Abstract

e18110 Background: Requirement of DNA sequencing to diagnose POLE group is a barrier for adoption of molecular subtyping in endometrial cancer. We aimed to identify clinicopathologic and protein markers distinguishing POLE and copy-number (CN) low group in endometrial cancer. Methods: Ninety-one samples (POLE: 15, CN low 76) classified as POLE or CN low groups by integrative clustering were selected from The Cancer Genome Atlas endometrial cancer dataset. Clinicopathologic variables and normalized reverse phase protein array expression data were extracted. We first selected clinicopathologic variables associated with group (POLE vs CN low) via univariate analysis. Then, we identified protein makers using the logistic regression model with significant clinicopathologic variables as adjusting covariates. The differentially expressed proteins were selected based on q-value of the false discovery rate for multiple comparison. With various q-value cut-off ( < 5%, 10%, 20%), several logistic models including differentially expressed markers were constructed by stepwise selection method using the area under curve (AUC) from 5-fold cross-validation (CV). Results: Among clinicopathologic variables, body mass index (BMI) and tumor grade were associated with group (p = 0.02 and p < 0.01, respectively). Being adjusted for BMI and tumor grade, 5 proteins were associated with group in q-value cut-off of < 5%. The model including clinicopathologic variables and 5 proteins identified BMI, Cyclin B1, Caspase 8, and XBP1 as markers distinguishing POLE and CN low groups.
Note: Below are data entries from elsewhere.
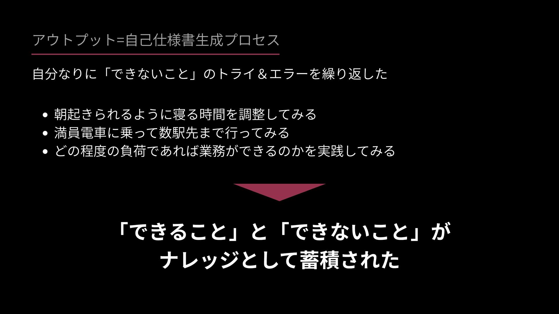 アウトプット=自己仕様書生成プロセス 自分なりに「できないこと」のトライ&エラーを繰り返した 朝起きられるように寝る時間を調整してみる 満員電車に乗って数駅先まで行ってみる どの程度の負荷であれば業務ができるのかを実践してみる 「できること」と「できないこと」が ナレッジとして蓄積された
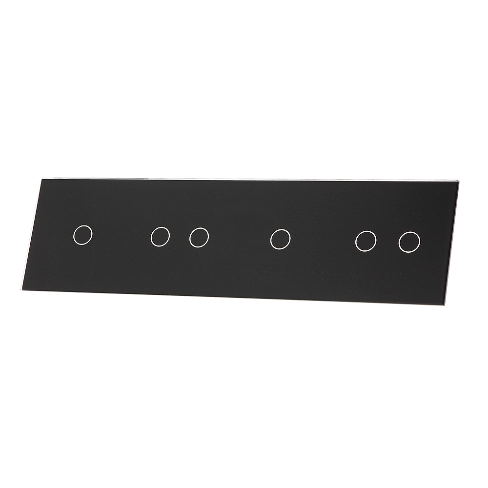 Szklany panel dotykowy poczwórny czarny - 6-sekcyjny - 701212-62 - LIVOLO, to element dedykowany do mechanizmów dotykowych, umożliwiających dotykową kontrole nad podłączonym źródłem światła, wykorzystując przy tym podświetlane pola dotykowe. Szklany panel dotykowy wykonany jest z hartowanego krystalicznego szkła o grubości 4mm, które nadaje elegancji wnętrzom i jest łatwe w utrzymaniu czystości. Dotykowy szklany panel umożliwia kontrole nad sześcioma sekcjami w konfiguracji 1+2+1+2.
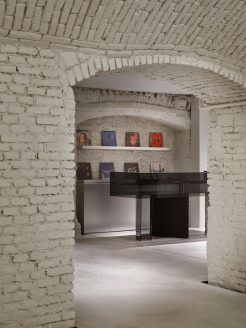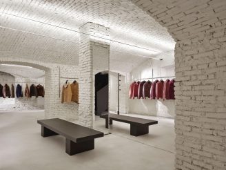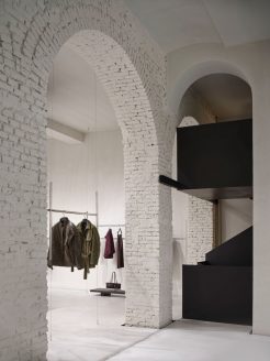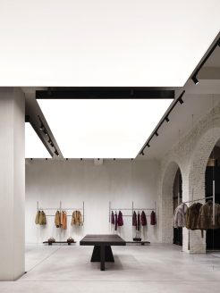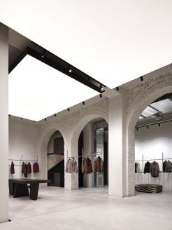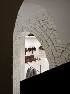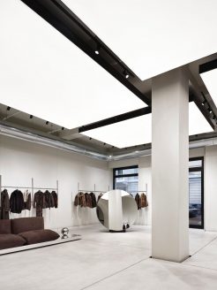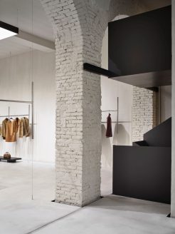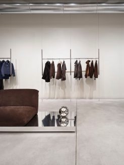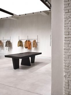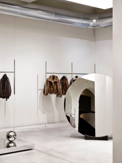 All’interno di questo raffinato “white cube“, gli arredi trascendono la funzione espositiva per trasformarsi in presenze scultoree. Le appenderie flottanti in acciaio lucido, i tavoli monolitici in rovere scuro (su disegno di P+F) e il grande specchio circolare assumono il valore di pezzi unici. L’allestimento è completato da elementi di design come il divano Baxter firmato da Hannes Peer.
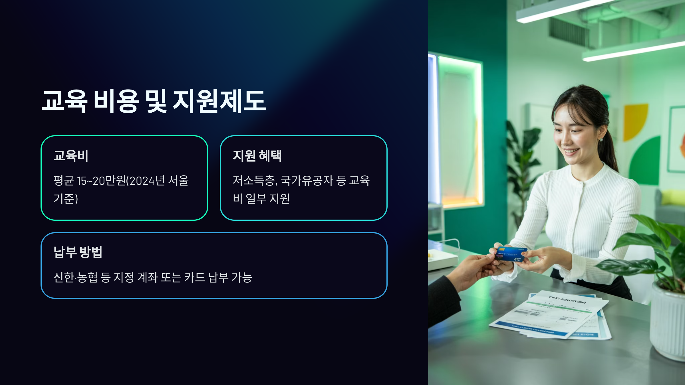 하지만 부담이 되는 분들을 위해 정부나 지자체에서 다양한 지원제도를 마련해두고 있어요. 예를 들어, 고용노동부의 내일배움카드를 활용할 수 있는 지역도 있고, 서울시는 일정 기준 이하의 수입을 가진 법인택시 기사를 대상으로 교육비 전액을 지원하기도 해요.
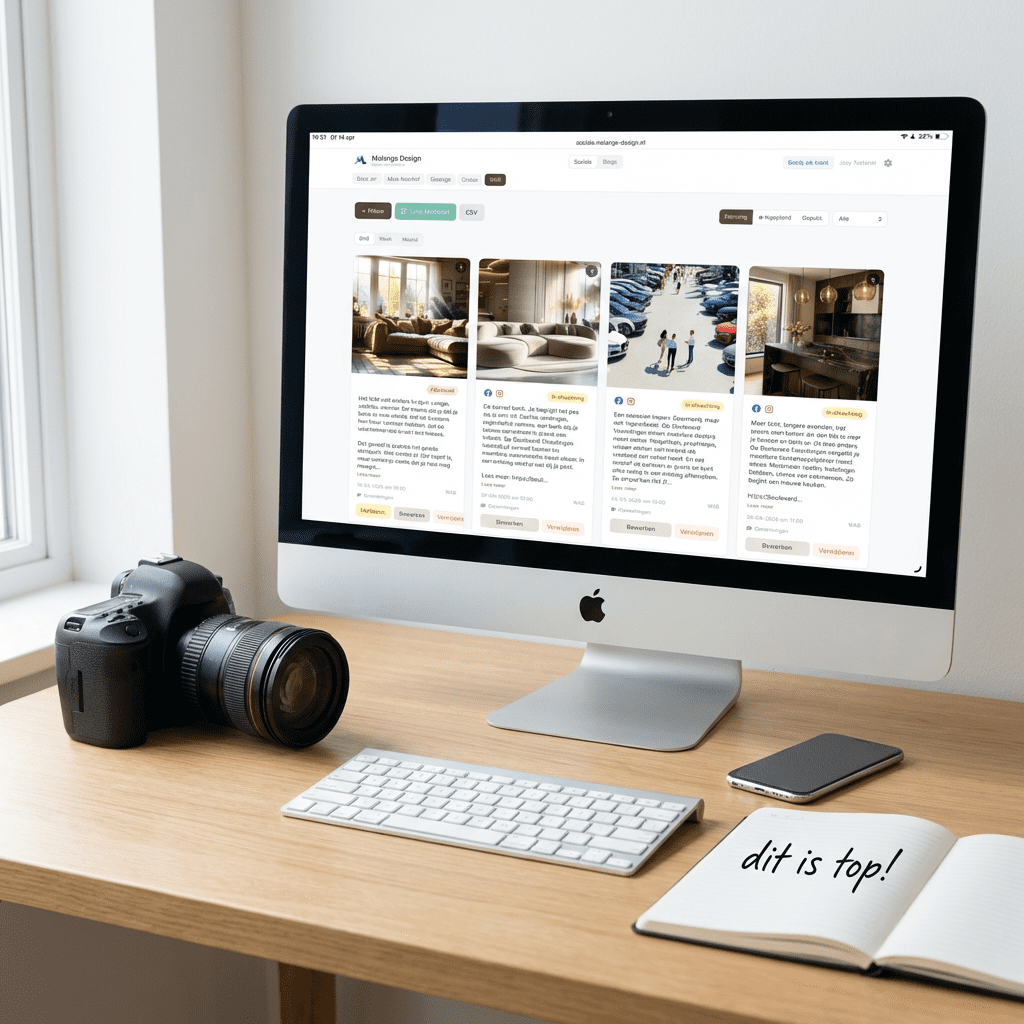 Ons dashboard brengt het volledige social media proces samen in een overzichtelijke interface. Per klant zie je alle berichten in een grid-, week- of maandweergave. Elk bericht heeft een duidelijke status: in afwachting, goedgekeurd, ingepland of gepubliceerd. De klant logt in op een eigen omgeving en ziet precies welke berichten klaarstaan ter goedkeuring.

The mean of CV AUC, sensitivity and specificity of the selected model were 0.97, 0.97, and 0.60, respectively. Conclusions: BMI and expression levels of Cyclin B1, Caspase 8, XBP1 are candidate markers distinguishing POLE and CN low group. A further validation study using immunohistochemical staining is necessary to facilitate the adoption of molecular subtyping as daily practice.